Calle del paraíso

Ago 23 • Ficciones • 2641 Views • No hay comentarios en Calle del paraíso

 

POR JORGE ORTEGA

 

Vamos y venimos

y el piso no se gasta.

 

Nunca.

 

Su ancho dorso atrae

las hondas resonancias de nuestra ciudadela,

el tremor de la angustia, la radiación del júbilo,

las innominadas pulsaciones

de aquello que ocultamos y hace aguas,

los pálpitos de cierto pensamiento

que da vueltas y vueltas

a lo mismo.

 

Y no dejamos huella

sino en la melladura del zapato,

el rastro de nosotros

en nosotros.

 

Pero volvemos una y otra vez

al yunque del camino

a templar

los pasos

y afilar los cuchillos de la búsqueda

mientras envejecemos.

 

Moriremos haciéndolo.

 

Pues la loseta es firme y casi eterna

y vivirá

—entera o triturada—

más que la tierna pulpa

de nuestras presunciones.

 

 

 

Laudas

 

Piedra forrada de verde.

La congelada explosión de la dureza se ha visto atajada por la ortiga.

Hay jardines casi secretos larvando en las fisuras, inesperados huertos donde el helecho desova el asta de su primicia.

Quién hubiera dicho que en el friso acantonaban las esporas, impávida coraza de tiempo perturbada con el vaho de lo que calla y fluye.

Quién habría dado un quinto por tal quincallería, ese menhir de cascos fragmentados que por inercia o milagro mantiene su verticalidad.

Una brizna de pasto despega las junturas de una pilastra, las comisuras de una fachada selladas con el polvo de los jubileos.

Trabajo de la hormiga, minuciosa y perenne cruzada del insecto empecinado en traspasar un sillar con la paciencia de los fósiles.

He ahí el abrazo de la enredadera en las pirámides del trópico, carne firme y efímera sobre un cuerpo añoso y perdurable.

He ahí la maleza disuadiendo lápidas y pedestales, cenotafios; socavando contrafuertes como una lenta saliva de vapor, una lava rastrera que se disemina morosamente bajo los pies.
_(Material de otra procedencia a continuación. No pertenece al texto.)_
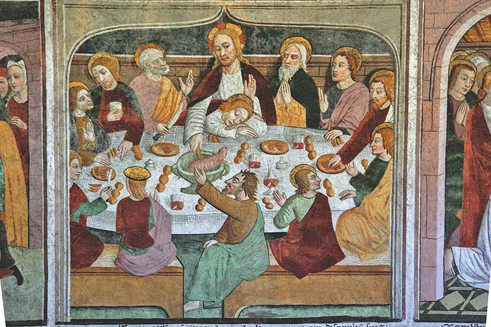 De acordo com o costume do tempo, nos banquetes as mesas eram dispostas em forma de “U” e os comensais não comiam sentados como hoje, mas reclinados em divãs distribuídos no lado externo da mesa.

El olvido alarga sus extremidades, se desborda en sus arborescencias, comienza a abonar sus primeros frutos de abandono sin que nadie lo advierta.
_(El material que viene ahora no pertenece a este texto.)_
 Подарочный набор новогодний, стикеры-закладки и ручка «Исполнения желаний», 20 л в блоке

Tarde es ya para impedirlo.

 

 

 

Epopeya de los confines

  

Caminas entre las nervudas raíces que asoman del subsuelo como boas en torno al laurel de exuberante copa que presidía las barbacoas de la niñez. Que emergen, que despuntan sobre el candente rastrojo del desierto aliviado por sombras transitorias. Y un soplo tibio se desprende de por estos páramos y resbala hacia el repecho de la frente, ese blando paredón en que se curvan los augurios, rizando incluso más el impalpable rizo de las evocaciones. A un centenar de metros un establo, una caseta o un almacén intrascendente que el espejismo semeja disolver en los austeros latifundios de la arcilla, resulta irónicamente llamativo a la mitad de un paisaje barrido por su árida monotonía. A la redonda el pastizal reseco del invierno, la brizna quemada por la escarcha. Piensas: “la dorada pelambre de la maleza, el jaramago de los campos hispalenses alisado por el peso milenario de un capitel que ha rodado como una cabeza en la emboscada”. Indiscutibles pruebas de la permanencia. Cuerpos sólidos de toda laya esparcidos a diestra y siniestra durante la excursión de la memoria. Fragmentos de una demolida arquitectura que el conciliábulo del tiempo ha diseminado en el ilimitado jardín de las estatuas. Bajo el aceitunado bulbo del follaje el principio y el final son visibles. De ahí se aprecia bien la escuela a la que fuiste y la arboleda del cementerio al que te diriges a paso de tortuga.

 

 

*Autor del libro de poemas Estado del tiempo (Hiperión, 2005).